== GIVEN DATA ==
▬▬▬▬▬▬

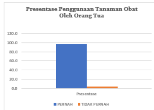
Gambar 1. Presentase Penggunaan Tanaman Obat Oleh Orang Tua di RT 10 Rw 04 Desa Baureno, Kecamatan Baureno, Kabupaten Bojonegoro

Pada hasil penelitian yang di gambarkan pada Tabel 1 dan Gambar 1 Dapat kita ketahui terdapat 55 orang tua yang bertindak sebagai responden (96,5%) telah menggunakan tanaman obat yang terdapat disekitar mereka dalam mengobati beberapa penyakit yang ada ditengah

▬▬▬▬▬▬

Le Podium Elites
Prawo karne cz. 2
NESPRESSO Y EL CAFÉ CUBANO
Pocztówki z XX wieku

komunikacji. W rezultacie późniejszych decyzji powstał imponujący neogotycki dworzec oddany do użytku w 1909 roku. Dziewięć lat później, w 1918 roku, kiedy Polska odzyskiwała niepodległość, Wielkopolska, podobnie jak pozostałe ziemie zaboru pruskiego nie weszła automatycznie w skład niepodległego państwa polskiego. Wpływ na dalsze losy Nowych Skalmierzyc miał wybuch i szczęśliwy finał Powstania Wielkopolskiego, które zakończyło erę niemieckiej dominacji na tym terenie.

▬▬▬▬▬▬

Take from the material above the lines running from the one with "NESPRESSO Y EL CAFÉ CUBANO" through the one with "komunikacji. W rezultacie", and repeat them exactly, with nothing else.

== RESPONSE TO THIS TASK ==
NESPRESSO Y EL CAFÉ CUBANO
Pocztówki z XX wieku

komunikacji. W rezultacie późniejszych decyzji powstał imponujący neogotycki dworzec oddany do użytku w 1909 roku. Dziewięć lat później, w 1918 roku, kiedy Polska odzyskiwała niepodległość, Wielkopolska, podobnie jak pozostałe ziemie zaboru pruskiego nie weszła automatycznie w skład niepodległego państwa polskiego. Wpływ na dalsze losy Nowych Skalmierzyc miał wybuch i szczęśliwy finał Powstania Wielkopolskiego, które zakończyło erę niemieckiej dominacji na tym terenie.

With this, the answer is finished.